Blind SQL Injection-1 Lab | PortSwigger

Hello folks,

In this blog, we will understand one of the most identifiable and difficult types of SQL Injection vulnerability. It is Blind SQL Injection. We will learn about the same using PortSwigger platform. Let’s begin the blog and understand the meaning of blind SQL injection vulnerability.
Blind SQL injection vulnerabilities are those where we send a malicious SQL query to the server but we don’t receive any direct output in the response. In simple terms, even if the application is vulnerable to SQL injection and will execute our malicious SQL query but it will not provide any data within the response. But using various factors like conditional response, errors, or response time, we can still enumerate and fetch data from the SQL database.
In this blog, we will be covering how we can retrieve data from a database using conditional responses, conditional errors, and database errors.

Lab-1 Blind SQL injection with conditional responses

Conditional response means that the reply we get depends on the SQL query we use. If the query gives a true result, we might get a different response compared to when it gives a false result. We’ll look for these responses by using logical operators like AND in our SQL queries.
We can read the description of this lab and then click on the “Access the lab” button. This lab requires Burp Suite Professional for faster results.
To exploit SQL injection vulnerability, we require a parameter whose value interacts with an SQL query. In the lab description, it is mentioned that the TrackingID cookie parameter is vulnerable to SQL injection. So, we will target this parameter for which we need to refresh the home page. Now let’s switch to Burp Suite and under the HTTP history tab, we have to identify the request towards the “/” endpoint which contains the Cookie header. We need to take this request to Repeater.
On Repeater, we will add the following conditional statement to confirm whether the parameter is vulnerable to SQL injection or not:

‘ AND ‘a’=’a

Here “‘” is used to close the previous value of the cookie. AND is a logical operator that results true value when all the provided input values are true. “‘a’=’a” is used as a value which is always true.
After sending the request to the web server, we will find a “Welcome back” message in the response.

But if we try the following conditional statement, we will not receive a “Welcome back” message:

‘ AND ‘a’=’b

Here, “‘a’=’b” is used as a value which is always false.
This confirms that the application is vulnerable to blind SQL injection vulnerability using conditional responses.
Now to exploit this vulnerability, we can get the user credentials using the information provided in the lab’s description.
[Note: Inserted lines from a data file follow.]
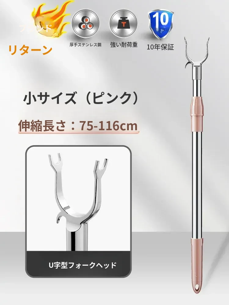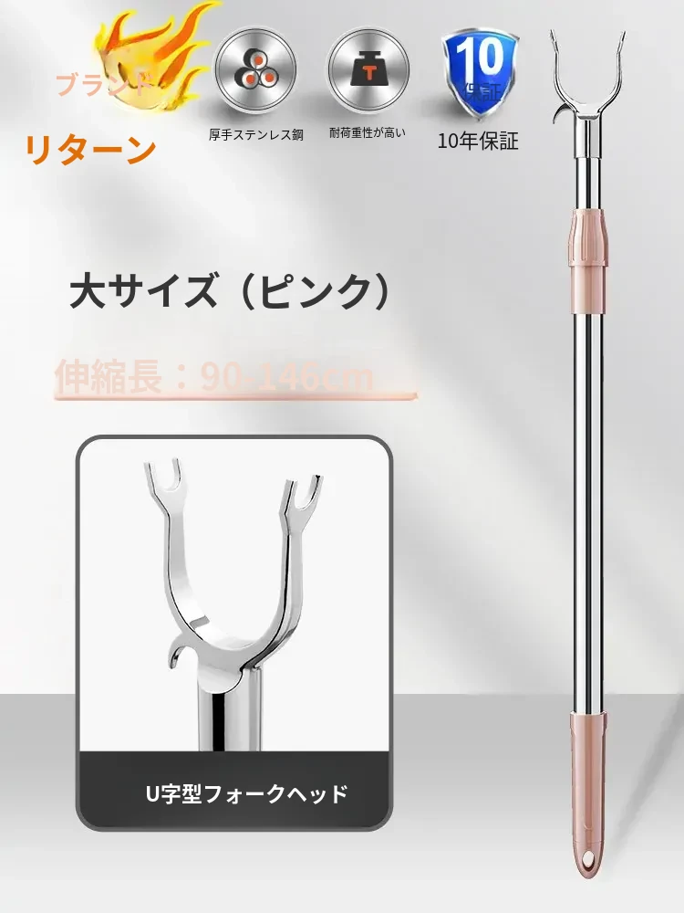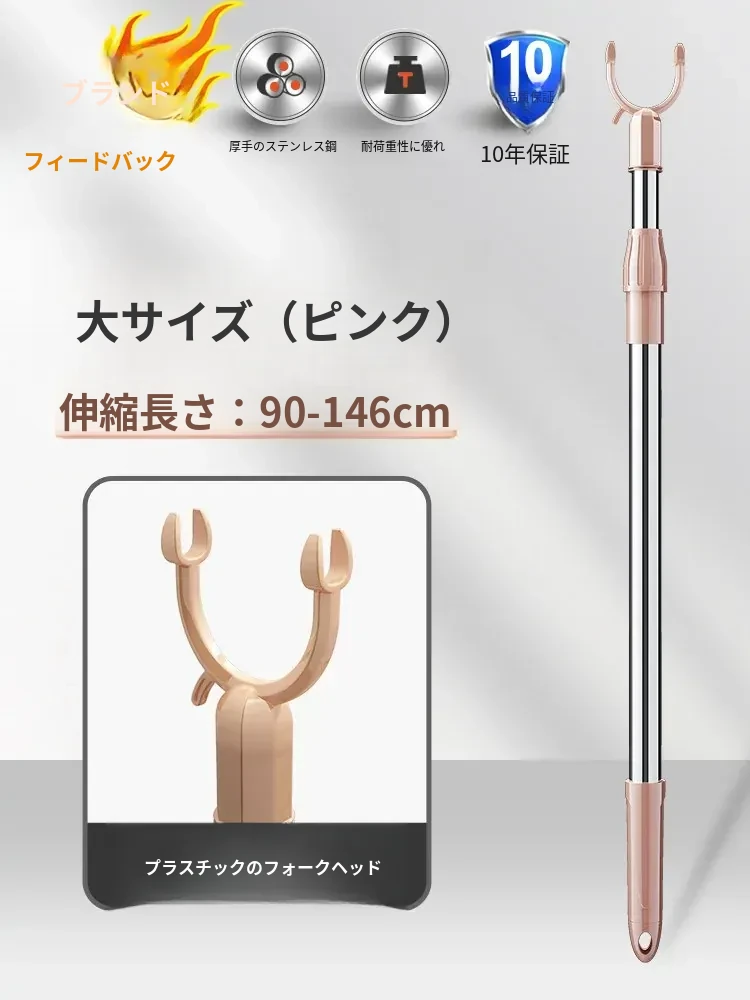人気商品❤ピンクロング-亜鉛合金フォーク【伸縮90-146cm】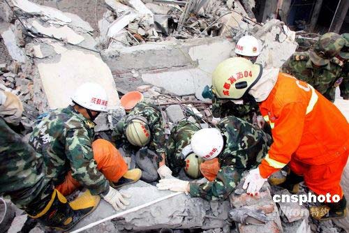 5月16日,武警成都消防支隊在廢墟中連續奮戰12個小時,搜尋生存者。中新社發 張雷 攝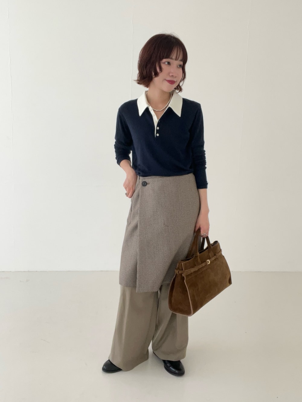 足元はロングブーツ合わせや、靴下にローファーを合わせるのも今期のおすすめです。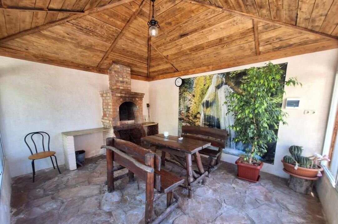 Двухэтажный дом 196.4 кв.м.(зарегистрирован как жилой дом) построен в виде триплекса и имеет 3 отдельных входа. Одна часть дома 100кв.м. полностью отгорожена забором и имеет свой отдельный бассейн и закрытую беседку с мангалом. Размещение 10 человек. Цена аренды в 2025 году от 12000 до 20000 за сутки в зависимости от месяца. Вторая часть дома разделена на 2 входа, домики по 45 кв. метров с другим бассейном. Также рядом находятся еще отдельные три домика по 40 кв.м ( оформленные просто как пристройки).Размещение в каждый домик до 5 человек. Цена аренды от 3000 до 6500 за сутки в зависимости от месяца. Всего в гостиничный комплекс можно разместить до 35 человек. Полноценный просмотр и продажа возможна ближе к осени, так как сейчас комплекс полностью заселен. Занимаемся посуточной арендой около 15 лет, есть наработанная база постоянных гостей, которая всегда пригодится новому владельцу. Продаем в силу возраста и уже невозможности заниматься таким большим комплексом. К моменту продажи, дом будет полностью отделан белым клинкерным кирпичом как на фото (не успели доделать до начала сезона, материал закуплен, работы буквально на 2 недели).

Before targeting the password of the administrator user, we need to identify the length of the same. We can use the following payload to get the length of the administrator’s password:

‘ AND (SELECT length(password) FROM users WHERE username=’administrator’)> ‘1

When we send the above request, we will find a “Welcome back” message in the response because the length of the password is greater than 1 character.
Now let’s confirm the false condition by using the following payload:

‘ AND (SELECT length(password) FROM users WHERE username=’administrator’)> ‘10000

This time we will find that we didn’t receive any “Welcome back” message which confirms that the length of the password is not greater than 10000 hence, the condition is false.

Now we have to click on the Payloads tab. Select “Numbers” in Payload type and mention numbers as follows:

From: 1
To: 50
Step: 1

Finally, we have to click on the Options tab, and under the “Grep – Match” section, click on Clear to remove all the present expressions. Now add a “Welcome back” message. Now click on the “Start Attack” button.
Let’s wait for a few seconds and after that, we can sort the results by clicking on the “Welcome back” column. We will find a single request with the “Welcome back” mentioned in the response. So we can confirm that the length of the password is 20.
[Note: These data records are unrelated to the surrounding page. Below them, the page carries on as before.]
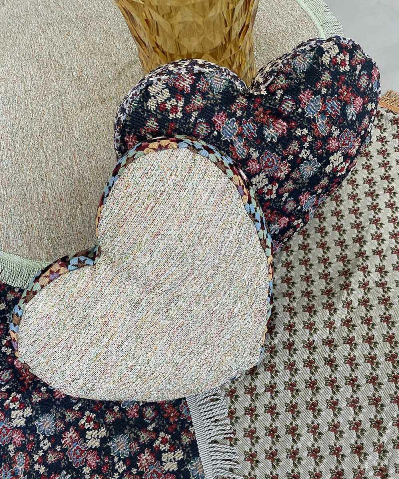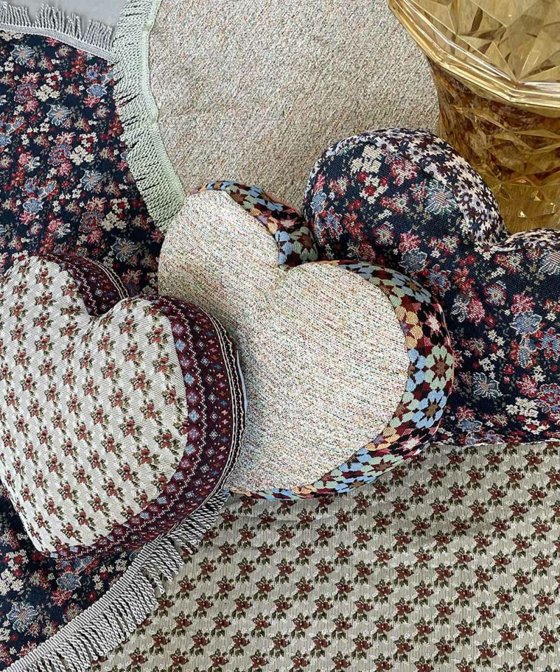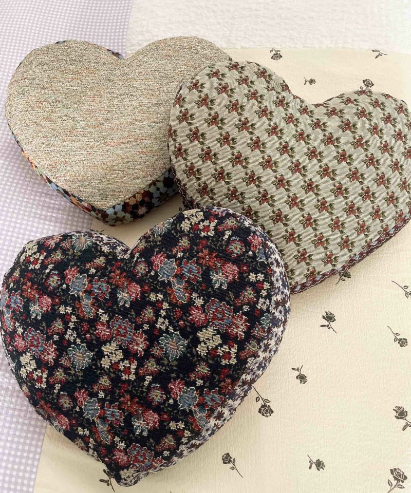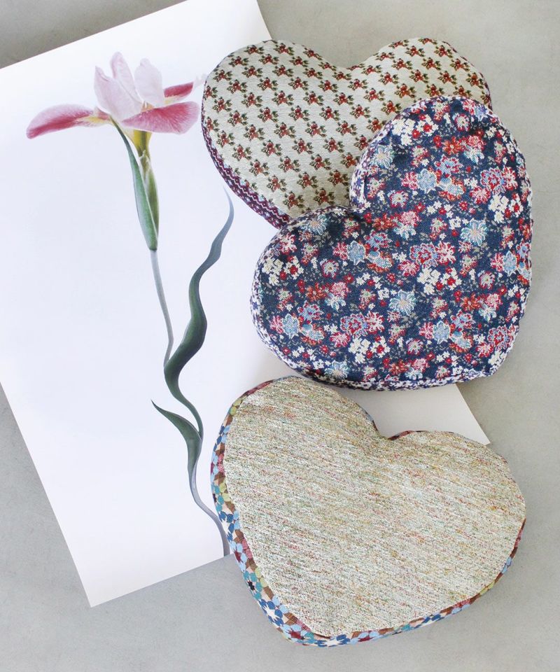 トレンド感のあるジャガード生地がかわいいハート型のクッションは、雰囲気の異なる柄違いの組み合わせがポイント。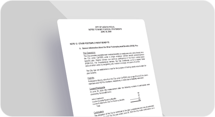 CITY OF LAGUNA NIGUEL NOTES TO BASIC FINANCIAL STATEMENTS JUNE 30, 2024 NOTE 12 OTHER POSTEMPLOYMENT BENEFITS A. General Information About the Other Postemployment Benefits (OPEB) Plan Plan Description The City provides postretirement medical benefits to employees who retire directly from the City under CalPERS under a single employer defined benefit postemployment benefits plan. Eligible retirees can continue participation in the City’s medical plans (PEMHCA). For miscellaneous retirees, the City contributes up to a capped dollar amount which varies by bargaining unit, medical coverage, and years of service. The City has not established a trust for the purpose of holding assets accumulated for plan benefits. Eligibility Participants directly retire from the City under CalPERS plan at age 50 and 52 for classic members and PEPRA members, respectively or retire due to disability retirement. Covered Participants At June 30, 2024, the measurement date, the following numbers of participants were covered by the benefit terms: Active Employees 80 Inactive Currently Receiving Benefits 23 Inactive Entitled to But Not Yet Receiving Benefits 31 Total 134 Contributions The obligation of the City to contribute to the plan is established and may be amended by the City Council. For the year ended June 30, 2024 the City made contributions on a pay-as-you-go basis. B. Total OPEB Liability measured as of June 30, 2024, and the total The City’s total OPEB liability was OPEB determined by an actuarial valuation as of June 30, 2022, rolled forward to liability was June 30, 2024, using standard updated proced ures. (68)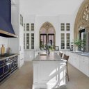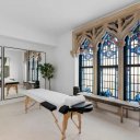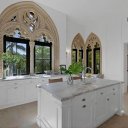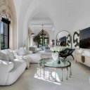 Il cuore della casa è la spettacolare Great Hall, caratterizzata da soffitti a volta alti oltre 9 metri, camini monumentali in pietra, vetrate antiche originali e lampadari francesi in bronzo fuso, che creano un’atmosfera scenografica e solenne. I pavimenti in pietra di Gerusalemme aggiungono profondità storica ed eleganza materica a ogni ambiente.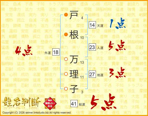 戸(4画)根(10画) 万(13画)理(11画)子(3画)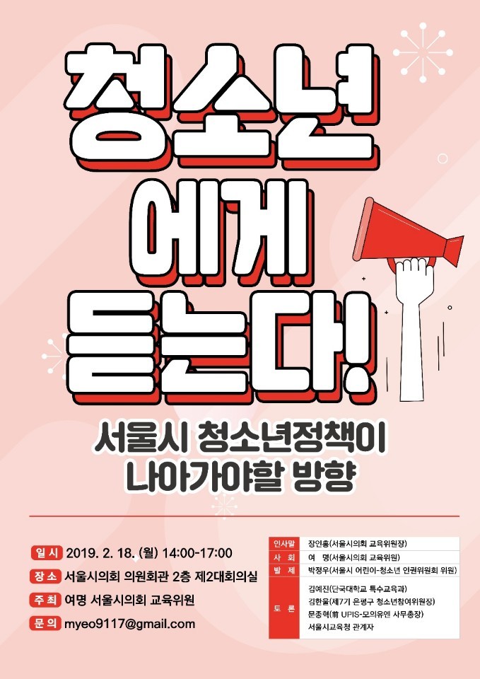▲오는 2월 18일 서울시 청소년정책을 이야기하는 자리가 펼쳐진다. |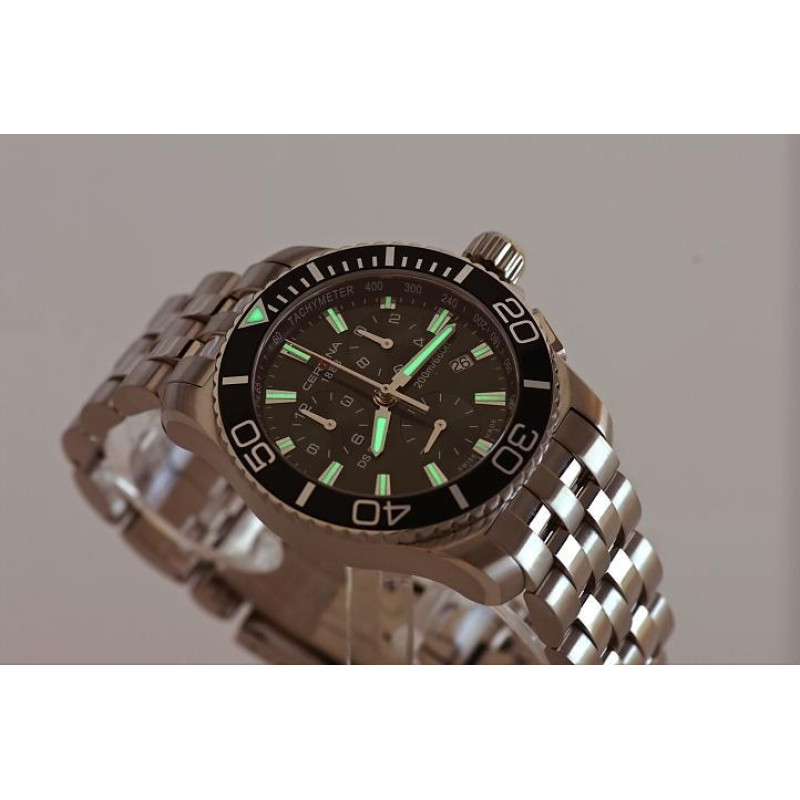 Модель имеет водонепроницаемость 200 м. Корпус выполнен из материала – сталь + PVD. Прочное сапфировое стекло надежно защищает циферблат от ударов и других повреждений. Удобный стальной браслет позволяет часам комфортно сидеть на запястье. Из дополнительных функций имеются: дата, индикатор зарядa элемента питания, секунды, тахиметр, хронограф.

After getting the length of the password, we need to find the exact password for which we can use the following payload:

‘ AND (SELECT substring(password,1,1) FROM users WHERE username=’administrator’)> ‘m

Here we used the substring() function which helps to work with sub-strings. Always remember that we will be targeting each character of the password. Substring functions require 3 input values; first is the name of the column that we are targeting or any string on which this function will work, second is a numeric value that specifies the place of character and third is also a numeric value that specifies how many characters we have to consider at a time.
If the first character of the password is greater than m then we will find the “Welcome back” message otherwise not. Also, we can use the following statement to check the vice versa:

‘ AND (SELECT substring(password,1,1) FROM users WHERE username=’administrator’)< ‘m

Now, after confirming we need to send the request to Intruder where we can brute-force each character to get the password. On Intruder under the Positions tab, we need to select the second input value of the substring() function as well as the “m” character. Also, we need to change the “<” or “>” symbol to “=”. Change the attack type to “Cluster Bomb”.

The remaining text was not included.